» Task: Retype nothing except the lines below from the one with "TAVI valves included" through the one with "SIERRA, bracciale realizzato", exactly, with images left out.
── Records supplied ──
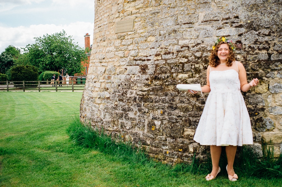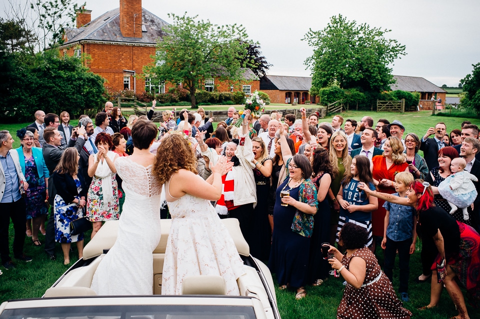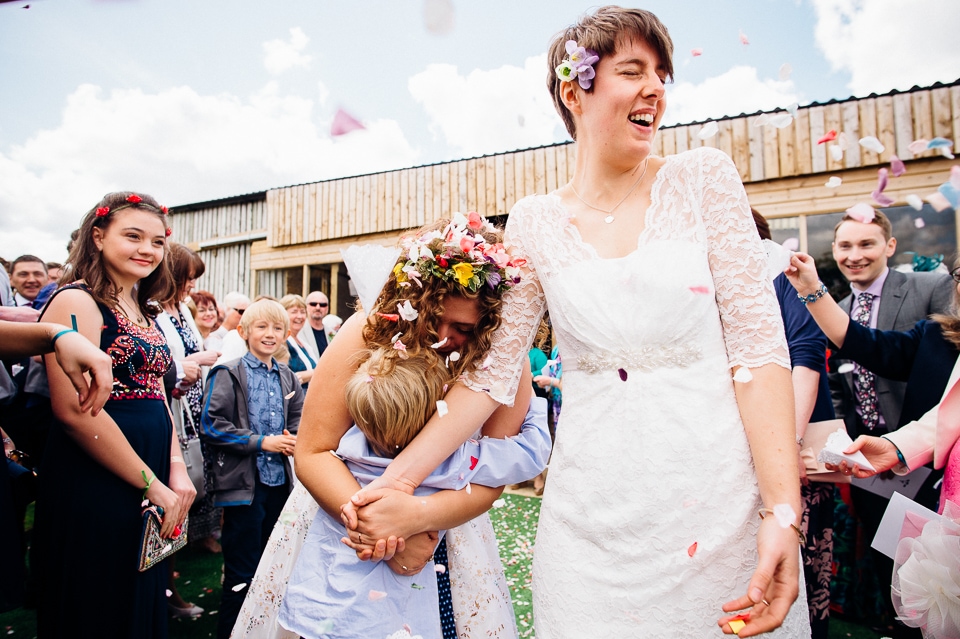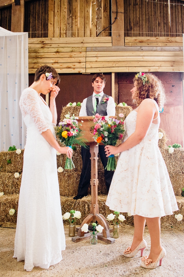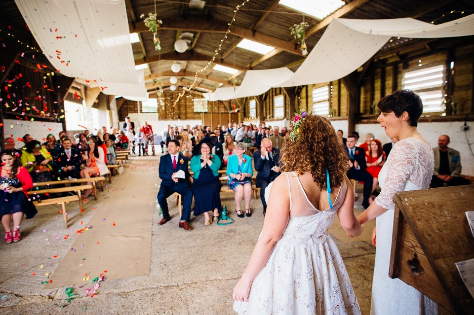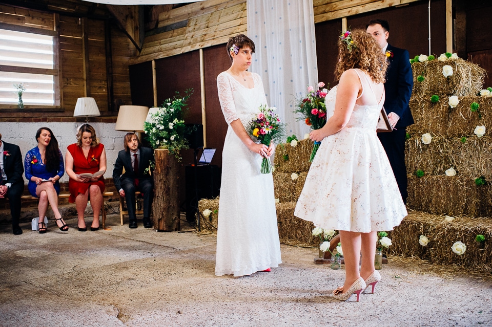 I was recommended to Rosie and Laura by their friend and my fellow wedding photographer Nikki Cooper, so I want to start by saying thank you to Nikki for the awesome wedding opportunity! I started the day at Rosie’s where she was getting into a beaded dress her Aunt handmade for her, a bright floral crown and crochet Irregular Choice shoes. Their handfasting ceremony was held at Furtho Manor Farm in the barn which they beautifully decorated with white roses, glass cola bottles of flowers, white drapes and fairy lights. Laura was already getting ready at Furtho and it was really important for the two ladies that they enter the ceremony as equals, rather than one of them waiting at the top for the other, which I really respected. When Laura was going to her entrance, I caught Rosie having a sneaky pre ceremony ciggie! There were a lot of emotions from both ladies, their friends and families AND their officiant who was their good friend Dylo (pronounced die-low *injoke alert*). At the end of the ceremony they let off confetti cannons, and in case that wasn’t enough hair debris they also had a ton of confetti chucked at them as they left the barn!
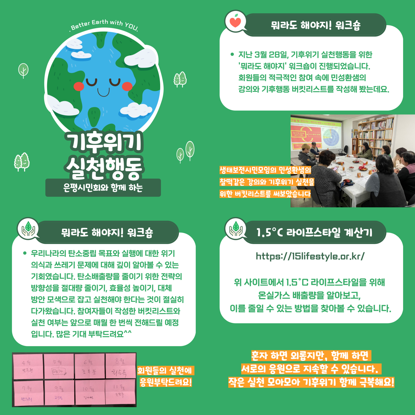 지난 3월 28일, 기후위기 실천행동을 위한 '뭐라도 해야지' 워크숍이 진행되었습니다. 회원들의 적극적인 참여 속에 민성환샘의 강의와 기후행동 버킷리스트를 작성해 봤는데요.
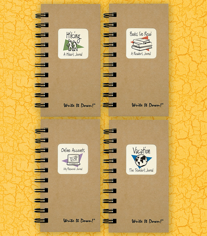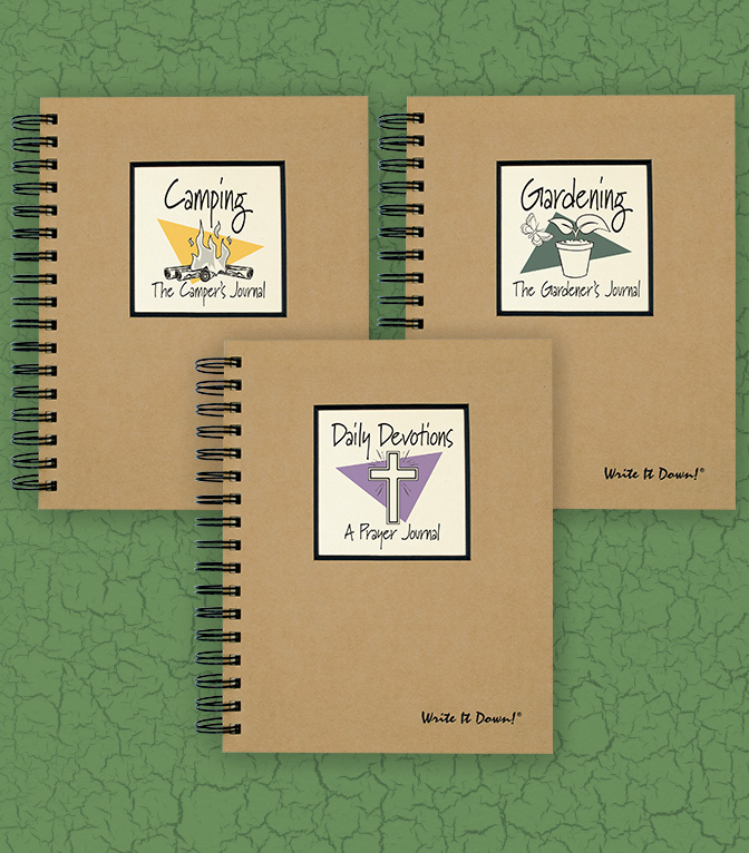 The “Write-it-Down!” Eco-friendly guided journal series is printed in the USA on acid-free recycled paper using soy based ink. The journals have a durable hard cover design and handcrafted look. They are available in two cover styles – Natural Kraft covers and the Color Collection covers.
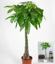 Een echte geluksgreep! De decoratieve pachira Aquatica ook bekend als watercacao, is afkomstig uit Zuidamerika en behoort tot de familie van de wolbomen. Het mooie kamerboompje met zijn bijna horizontal groeiende, frisgroene bladeren, die een mooie boomkroon vormen, is een heerlijke blikvanger voor in huis of op kantoor. Volgens de leer van de Chinese Feng Shui, grijpen de bladeren, die er met een beetje fantasie op handen lijken, het geluk en houden het vast in het gedraaide stammetje. In Azië wordt de geliefde kamerplant ook geldboom genoemd. De plant is een traditioneel cadeau bij de inwijding van een huis, omdat ze geluk en welvaart in huis zou brengen.
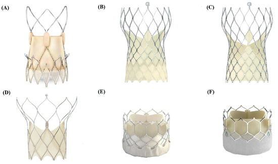 TAVI valves included in the current study. (A) Acurate Neo (Boston Scientific SciMed Inc, Maple Grove, MN, USA); (B) Evolut PRO (Medtronic, Minneapolis, MN, USA); (C) Evolut R (Medtronic, Minneapolis, MN, USA); (D) Portico® valve (St. Jude Medical, St. Paul, MN, USA); (E) SAPIEN 3 (Edwards Lifesciences, Irvine, CA, USA); (F) SAPIEN 3 Ultra (Edwards Lifesciences, Irvine, CA, USA).
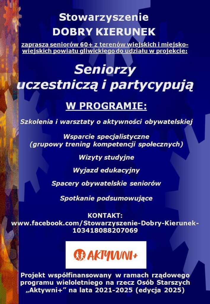Stowarzyszenie Dobry Kierunek z Taciszowa realizuje projekt pt. „Seniorzy uczestniczą i partycypują”. Celem głównym projektu „Seniorzy uczestniczą i partycypują” jest podniesienie poziomu kompetencji w obszarze aktywności obywatelskiej i wolontariatu wśród 40 seniorów 60+ na terenach gmin wiejskich i miejsko-wiejskich w powiecie gliwickim w terminie 01.03.2025-31.12.2025.
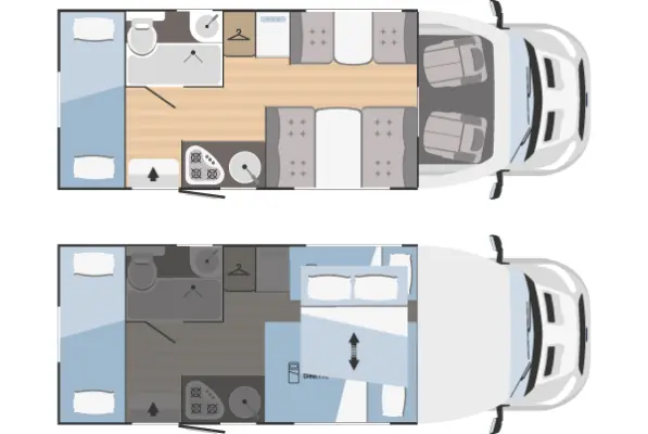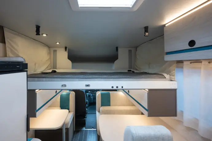 La chambre offre une disposition unique avec des lits superposés et un lit double rabattable, ce qui rend ce camping-car vraiment spécial. Cet espace est parfait pour les familles, avec un confort de couchage suffisant pour deux. Il offre un endroit pratique et confortable pour dormir, afin que chacun puisse bien se reposer pour la prochaine aventure. Du jamais vu pour un camping-car de cette longueur !
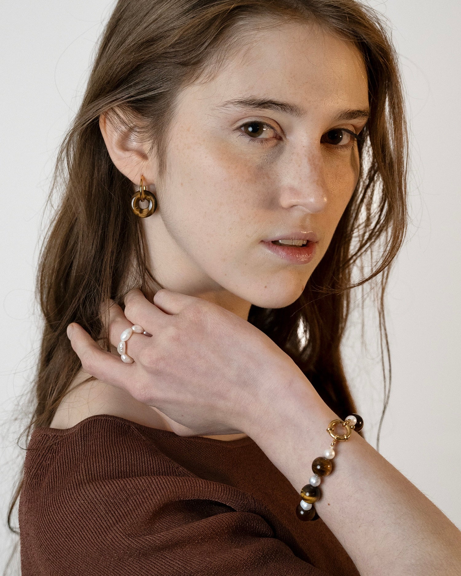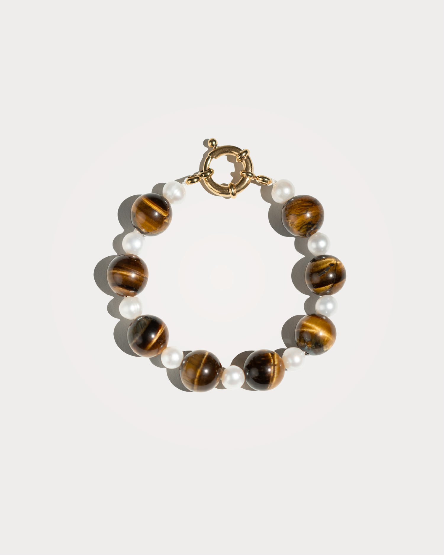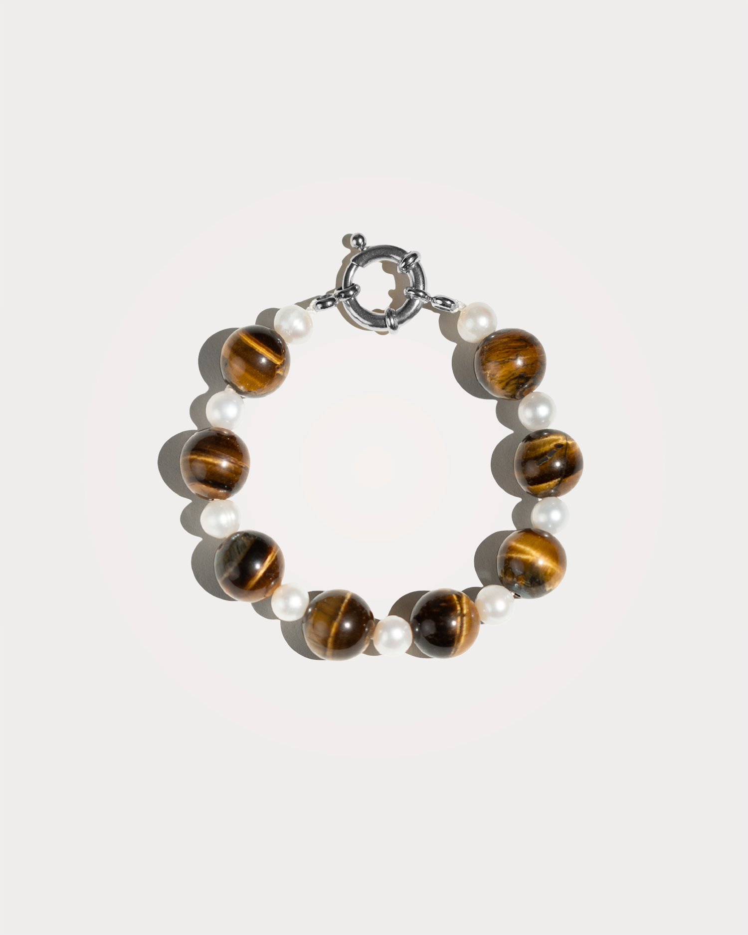 SIERRA, bracciale realizzato interamente a mano in acciaio chirurgico, disponibile sia nella versione in argento che nella versione placcata in oro 18k. È composto da perle di fiume naturali bianche e pietre di Occhio di Tigre marroni sferiche.
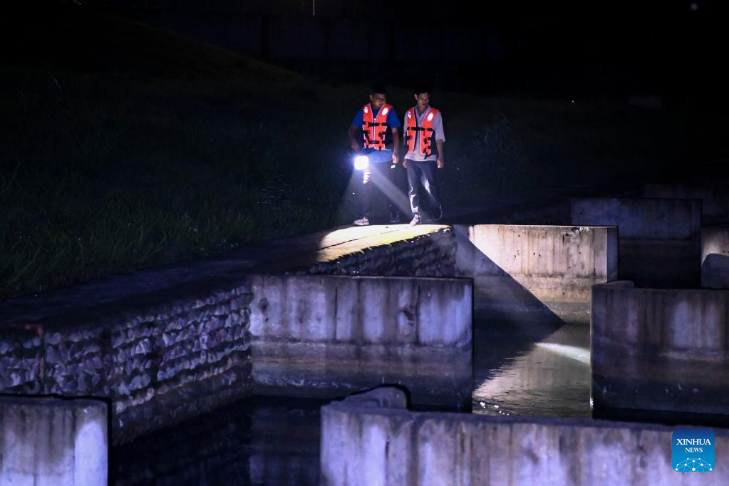 Technicians conduct night monitor of the nature-imitated fishway of the auxiliary dam in Nanmu River, which is part of the Dateng Gorge water conservancy project in Guiping City, south China's Guangxi Zhuang Autonomous Region, May 20, 2023. (Xinhua/Cao Yiming)
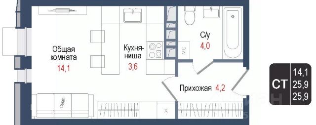 Продаётся студия в строящемся доме (Корпус 3), срок сдачи: II-кв. 2028, общей площадью 25.3 кв.м., на 2 этаже. ЖК "Киноквартал" , МО, г. Королев, мкр. Первомайский, ул. Солнечная, д. 2
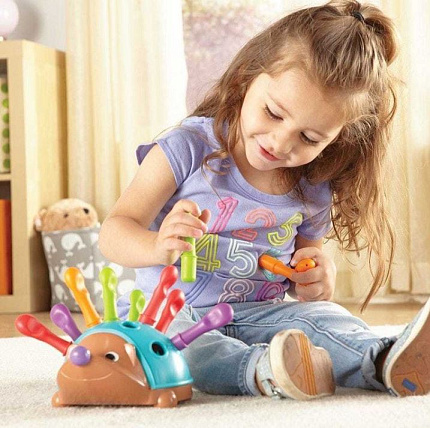 Развитие мелкой моторики в процессе размещения и вытаскивания трубочек-колючек из спины Спайка. Трубочки представлены в четырех цветах: красный, оранжевый, зеленый и фиолетовый
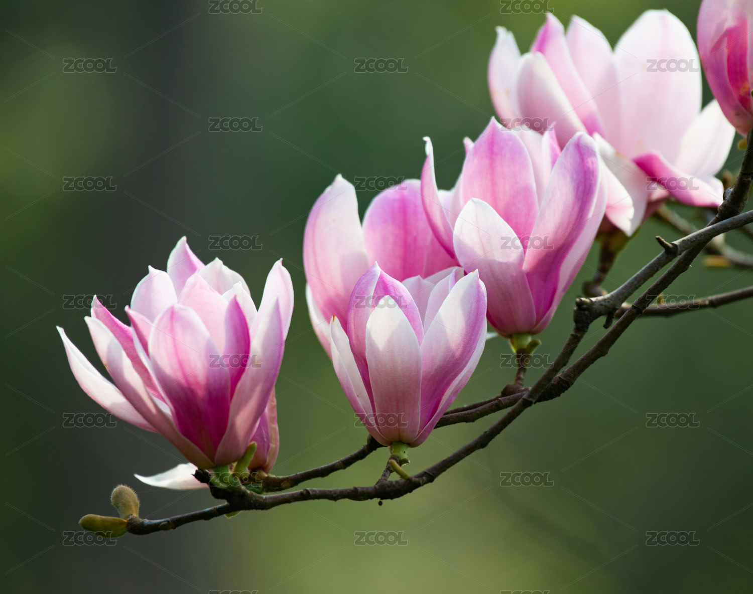 春天阳光照射绽开的紫色的玉兰花和花苞
───
» Task response:
 TAVI valves included in the current study. (A) Acurate Neo (Boston Scientific SciMed Inc, Maple Grove, MN, USA); (B) Evolut PRO (Medtronic, Minneapolis, MN, USA); (C) Evolut R (Medtronic, Minneapolis, MN, USA); (D) Portico® valve (St. Jude Medical, St. Paul, MN, USA); (E) SAPIEN 3 (Edwards Lifesciences, Irvine, CA, USA); (F) SAPIEN 3 Ultra (Edwards Lifesciences, Irvine, CA, USA).
Stowarzyszenie Dobry Kierunek z Taciszowa realizuje projekt pt. „Seniorzy uczestniczą i partycypują”. Celem głównym projektu „Seniorzy uczestniczą i partycypują” jest podniesienie poziomu kompetencji w obszarze aktywności obywatelskiej i wolontariatu wśród 40 seniorów 60+ na terenach gmin wiejskich i miejsko-wiejskich w powiecie gliwickim w terminie 01.03.2025-31.12.2025.
 La chambre offre une disposition unique avec des lits superposés et un lit double rabattable, ce qui rend ce camping-car vraiment spécial. Cet espace est parfait pour les familles, avec un confort de couchage suffisant pour deux. Il offre un endroit pratique et confortable pour dormir, afin que chacun puisse bien se reposer pour la prochaine aventure. Du jamais vu pour un camping-car de cette longueur !
 SIERRA, bracciale realizzato interamente a mano in acciaio chirurgico, disponibile sia nella versione in argento che nella versione placcata in oro 18k. È composto da perle di fiume naturali bianche e pietre di Occhio di Tigre marroni sferiche.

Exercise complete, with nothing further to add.